Three routes of administration are commonly used for cocaine: snorting, injecting, and smoking. Snorting is the process of inhaling cocaine powder through the nose, where it is absorbed into the bloodstream through the nasal tissues. Injecting is the use of a needle to release the drug directly into the bloodstream. Smoking involves inhaling cocaine vapor or smoke into the lungs, where absorption into the bloodstream is as rapid as by injection. All three methods of cocaine abuse can lead to addiction and other severe health problems, including increasing the risk of contracting HIV and infectious diseases.

The intensity and duration of cocaine’s effects, which include increased energy, reduced fatigue, and mental alertness, depend on the route of drug administration. The faster cocaine is absorbed into the bloodstream and delivered to the brain, the more intense the high. Injecting or smoking cocaine produces a quicker, stronger high than snorting. On the other hand, faster absorption usually means shorter duration of action. The high from snorting cocaine may last 15 to 30 minutes, but the high from smoking may last only 5 to 10 minutes. In order to sustain the high, a cocaine abuser has to administer the drug again. For this reason, cocaine is sometimes abused in binges—taken repeatedly within a relatively short period of time, at increasingly high doses.

Cocaine

Brief Description:
A powerfully addictive drug that is snorted, sniffed, injected, or smoked. Crack is cocaine that has been processed from cocaine hydrochloride to a free base for smoking.
Street Names:
Coke, snow, flake, blow, and many others.
Effects: A powerfully addictive drug, cocaine usually makes the user feel euphoric and energetic. Common health effects include heart attacks, respiratory failure, strokes, and seizures. Large amounts can cause bizarre and violent behavior. In rare cases, sudden death can occur on the first use of cocaine or unexpectedly thereafter.

How Does Cocaine Affect the Brain?
Cocaine is a strong central nervous system stimulant that increases levels of dopamine, a brain chemical associated with pleasure and movement, in the brain’s reward circuit. Certain brain cells, or neurons, use dopamine to communicate. Normally, dopamine is released by a neuron in response to a pleasurable signal (e.g., the smell of good food), and then recycled back into the cell that released it, shutting off the signal between neurons. Cocaine acts by preventing the dopamine from being recycled, causing excessive amounts of dopamine to build up, amplifying the message, and ultimately disrupting normal communication. It is this excess of dopamine that is responsible for cocaine’s euphoric effects. With repeated use, cocaine can cause long-term changes in the brain’s reward system and in other brain systems as well, which may eventually lead to addiction. With repeated use, tolerance to the cocaine high also often develops. Many cocaine abusers report that they seek but fail to achieve as much pleasure as they did from their first exposure.

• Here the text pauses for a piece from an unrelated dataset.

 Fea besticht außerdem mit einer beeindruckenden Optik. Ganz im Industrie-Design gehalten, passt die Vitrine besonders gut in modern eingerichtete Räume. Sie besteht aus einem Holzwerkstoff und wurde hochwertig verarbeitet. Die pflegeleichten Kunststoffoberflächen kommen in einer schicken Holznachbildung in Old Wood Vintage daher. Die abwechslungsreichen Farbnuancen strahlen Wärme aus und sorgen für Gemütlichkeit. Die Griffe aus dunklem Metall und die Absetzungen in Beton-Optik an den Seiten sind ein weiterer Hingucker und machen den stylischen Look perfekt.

Some users will increase their dose in an attempt to intensify and prolong the euphoria, but this can also increase the risk of adverse psychological or physiological effects.

What Adverse Effects Does Cocaine Have on Health?
Abusing cocaine has a variety of adverse effects on the body. For example, cocaine constricts blood vessels, dilates pupils, and increases body temperature, heart rate, and blood pressure. It can also cause headaches and gastrointestinal complications such as abdominal pain and nausea. Because cocaine tends to decrease appetite, chronic users can become malnourished as well.

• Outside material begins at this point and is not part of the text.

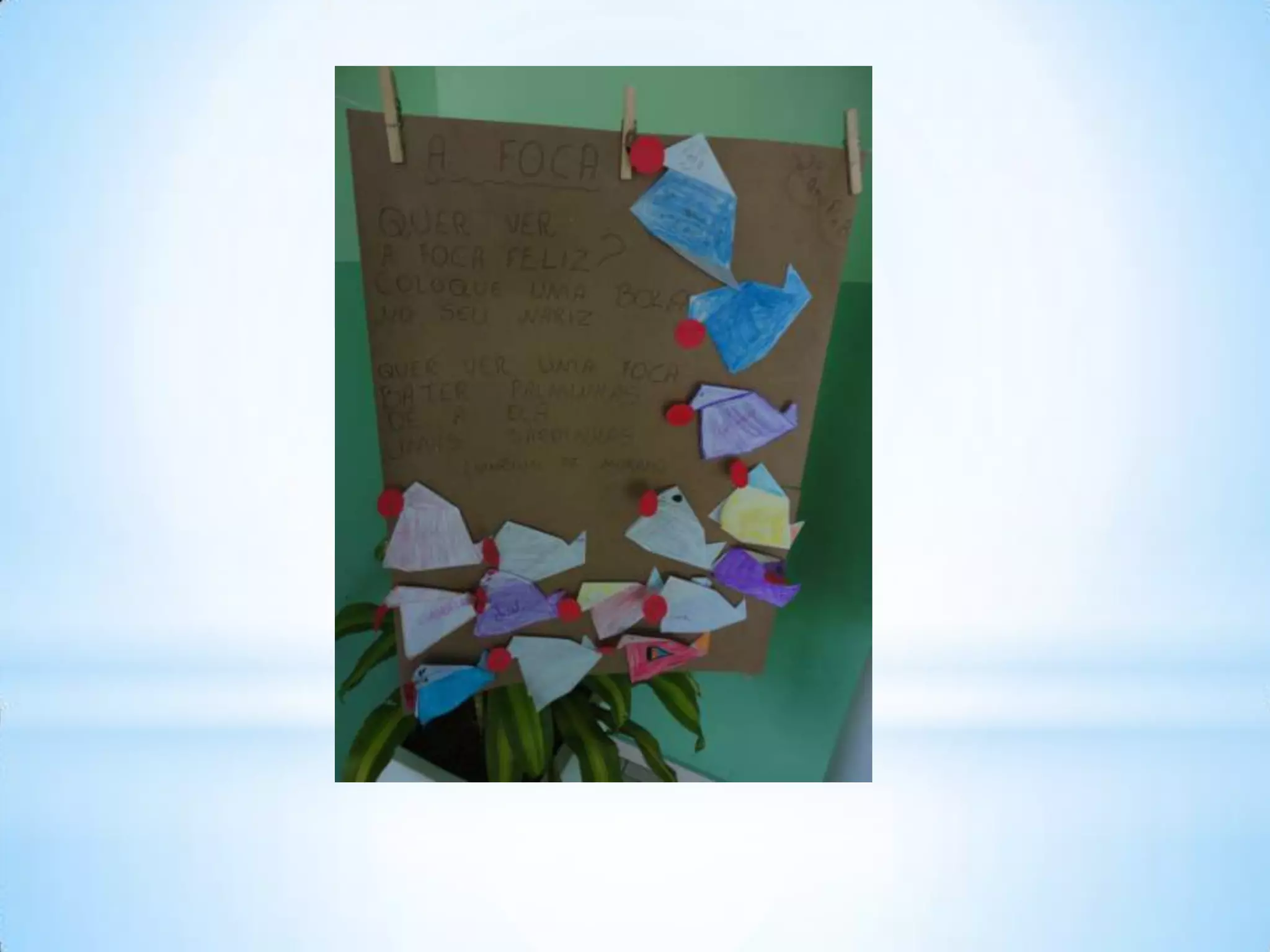O documento apresenta instruções de dobradura para diferentes figuras, incluindo uma casa, um coelho, flores e um galinho. Também menciona a dobradura de uma foca que canta músicas de roda. Cada dobradura é parte de atividades lúdicas para crianças.

Different methods of taking cocaine can produce different adverse effects. Regularly snorting cocaine, for example, can lead to loss of the sense of smell, nosebleeds, problems with swallowing, hoarseness, and a chronically runny nose. Ingesting cocaine can cause severe bowel gangrene as a result of reduced blood flow. Injecting cocaine can bring about severe allergic reactions and increased risk for contracting HIV and other blood-borne diseases. Binge patterns of use may lead to irritability, restlessness, anxiety, and paranoia. Cocaine abusers can suffer a temporary state of full-blown paranoid psychosis, in which they lose touch with reality and experience auditory hallucinations.

Regardless of how or how frequently cocaine is used, a user can experience acute cardiovascular or cerebrovascular emergencies, such as a heart attack or stroke, which may cause sudden death. Cocaine-related deaths are often a result of cardiac arrest or seizure followed by respiratory arrest.

Added Danger: Cocaethylene
When people consume cocaine and alcohol together, they compound the danger each drug poses and unknowingly perform a complex chemical experiment within their bodies. Researchers have found that the human liver combines cocaine and alcohol to produce a third substance, cocaethylene, which intensifies cocaine’s euphoric effects. Cocaethylene is associated with a greater risk of sudden death than cocaine alone.

What Treatment Options Exist?
Behavioral interventions—particularly, cognitive-behavioral therapy—have been shown to be effective for decreasing cocaine use and preventing relapse. Treatment must be tailored to the individual patient’s needs in order to optimize outcomes—this often involves a combination of treatment, social supports, and other services.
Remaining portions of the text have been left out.